La mobilisation « Bloquons tout » a viré à l’affrontement dans le centre-ville de Lille. Entre slogans, gaz lacrymogènes et vitrines brisées, la journée a laissé une odeur âcre et un goût amer.
Ils étaient venus par milliers ; 40 000 selon la CGT, 8 500 selon la préfecture. Pour la grande majorité, l’intention était nette : manifester sereinement, avec la conviction que la rue reste un espace démocratique. Certains en famille, d’autres en fauteuil roulant, tous serrés les uns contre les autres dans un centre-ville paisible au départ. « Au début, ça se passait bien », assure Isaure, étudiante en sociologie. « Et puis la police a commencé à gazer et à nous arroser d’eau pour que ça colle. » Plus loin, Pavel, la vingtaine, résume la frustration d’une génération : « On est là à cause du contexte actuel, on a grandi avec Macron ! » Excédé, il lâche : « Ça gazait pour rien ! »

Des violences bien présentes
Pourtant, certains manifestants ont bel et bien choisi l’affrontement, multipliant dégradations et violences. L’air s’est chargé d’une fumée dense, portée par les flammes des poubelles renversées. Des palissades arrachées, des voitures dégradées, les façades des banques recouvertes de tags rageurs… Lille a changé de visage en quelques minutes. Des agences immobilières ont découvert leurs vitrines brisées, à l’instar de celles de l’emblématique Printemps. Dans ce chaos, les chevaux de la police ont chargé, dispersant une foule suffocante sous les gaz lacrymogènes.
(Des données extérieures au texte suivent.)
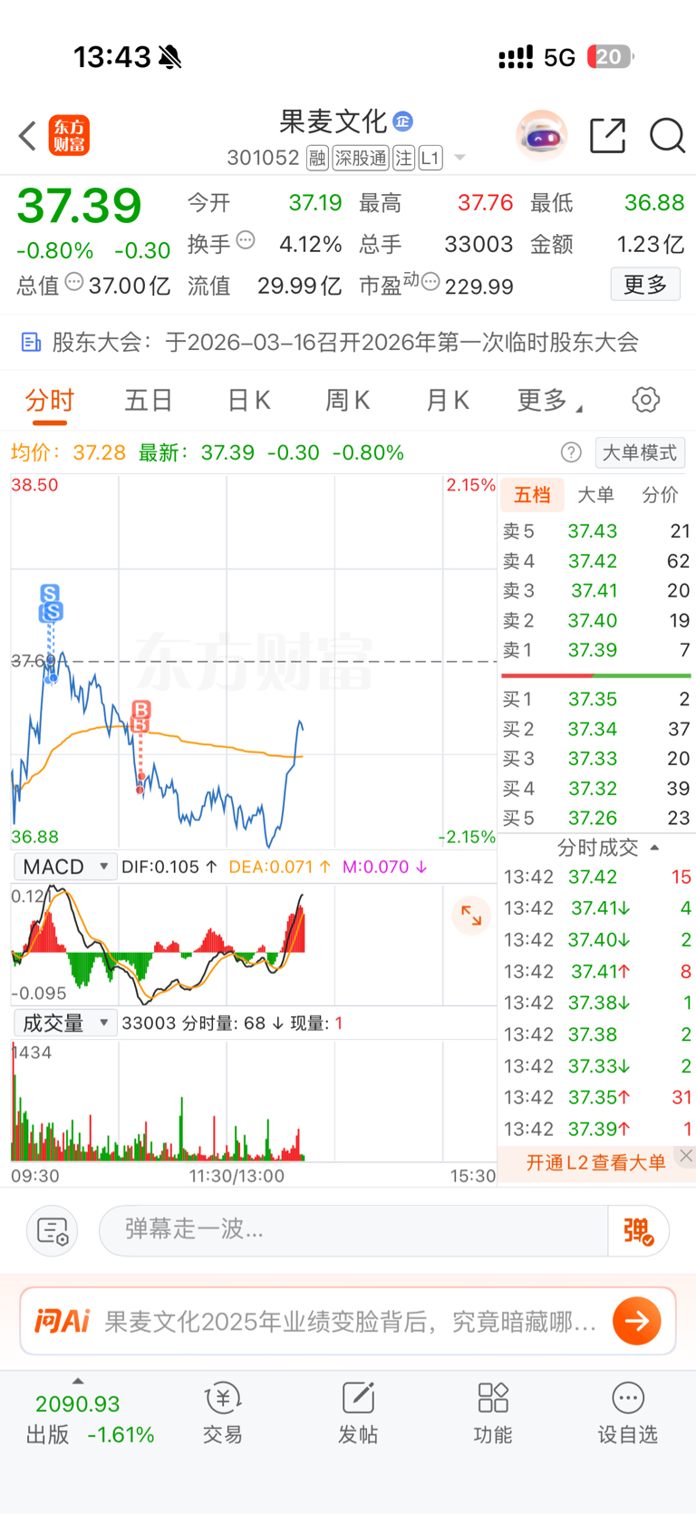 $果麦文化(SZ301052)$ 诶,天天做几毛的t,真是没意思,还亏16个点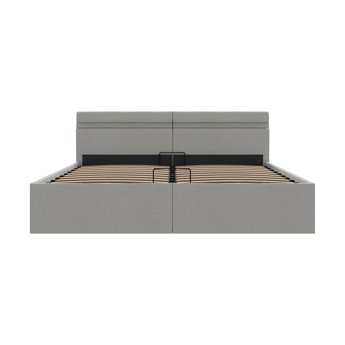 ¡Añade al instante un impresionante toque moderno a tu dormitorio con nuestra estructura de cama hidráulica de tela! Esta cama de matrimonio se caracteriza por un diseño sencillo pero elegante, así como una estructura maciza ya que está hecha de MDF resistente y robusto. Esta cama tapizada convierte el espacio no utilizado debajo del colchón en espacio de almacenamiento, con un amplio espacio para guardar ropa, sábanas, mantas, etc. El mecanismo hidráulico de elevación de gas hace que levantar el colchón sea muy fácil. El somier permanecerá en posición vertical una vez que lo hayas levantado para que tengas ambas manos libres para retirar o guardar objetos debajo. La estructura de acero con recubrimiento en polvo y los listones de madera contrachapada aportan solidez y durabilidad a la cama. Tapizada con tela duradera, esta cama con almacenaje tiene un aspecto acogedor y es fácil de mantener. Este producto es fácil de montar. Este mueble para el dormitorio es adecuado para un colchón de 160 x 200 cm. Asimismo, puedes ajustar cómodamente la potencia, el brillo y los diferentes colores intermitentes de la tira de luz LED con el mando a distancia de 24 teclas incluido para crear un espectáculo de luces alucinante. Ten en cuenta que la entrega solo incluye la estructura de cama; el colchón no está incluido. Puedes buscar uno apropiado para ella en nuestra tienda. Nota: El producto tiene un conector USB, pero la fuente de alimentación USB de 5V certificada no está incluida.
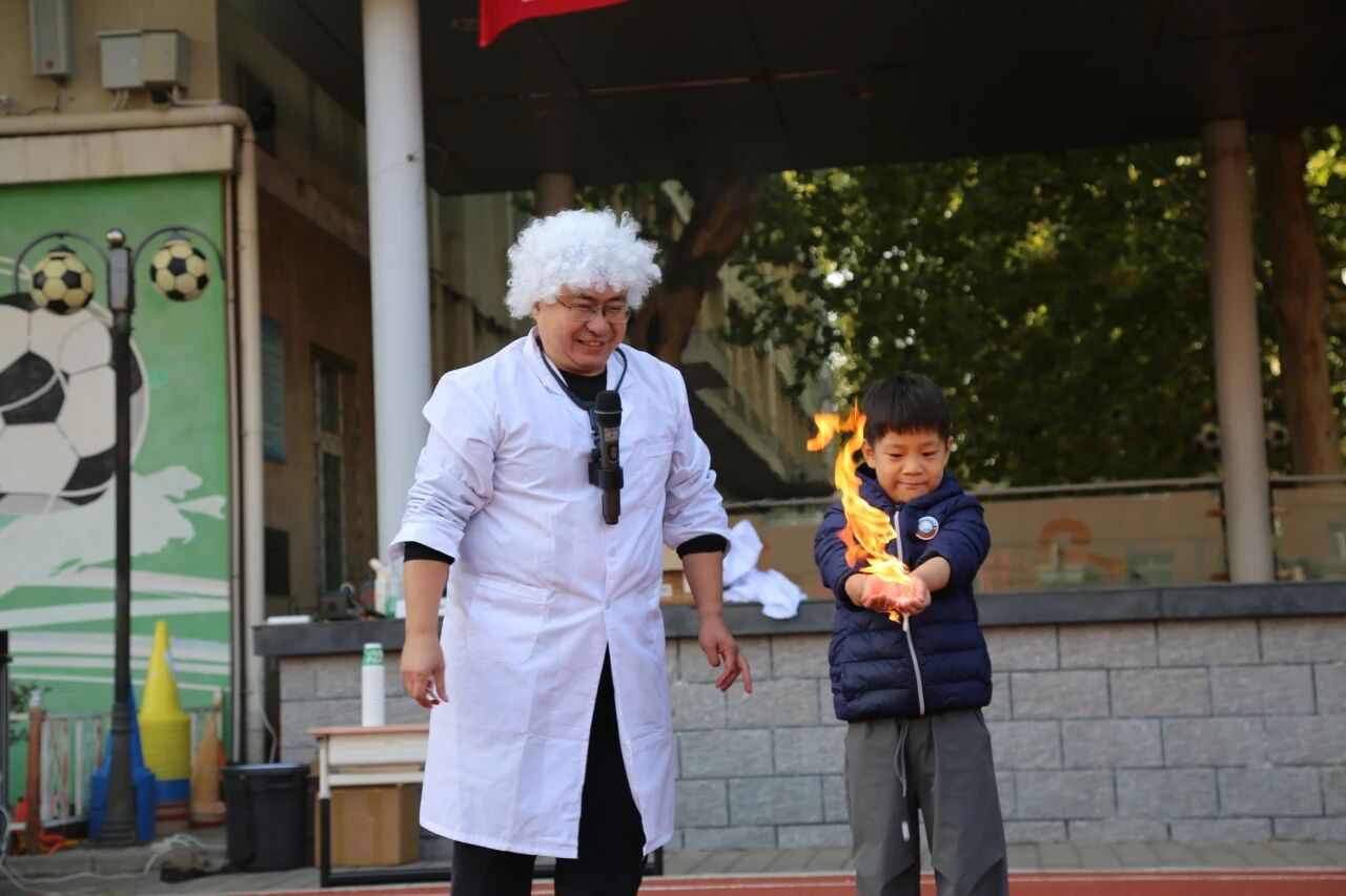 紧接着,开幕式上,一场别开生面的科学“魔法秀”震撼登场!刘永辉老师率先带来了令人惊艳的“火焰掌“表演”!全场惊呼连连,掌声雷动。随后,他又演示了经典的“马德堡半球”实验”,直观地向同学们展示了大气压的巨大力量。

Entre espoir et désillusion
« La colère est légitime », nous a affirmé Karine Trottein, la secrétaire de la Fédération Nord du PCF. Puis elle a nuancé : « On était là pour une manif pacifiste et on n’accepte pas la tournure que ça prend. C’est pas ce qu’il faut retenir de cette journée ! ». Au total, douze personnes ont été interpellées dans la capitale des Flandres selon la préfecture, qui se félicite d’avoir œuvré pour la « sécurité de tous ». 450 membre des forces de l’ordre avaient été mobilisées autour du cortège lillois. Le ministre de l’Intérieur démissionnaire, Bruno Retailleau, avait annoncé lundi soir avoir sollicité 80 000 policiers et gendarmes dans l’ensemble du pays.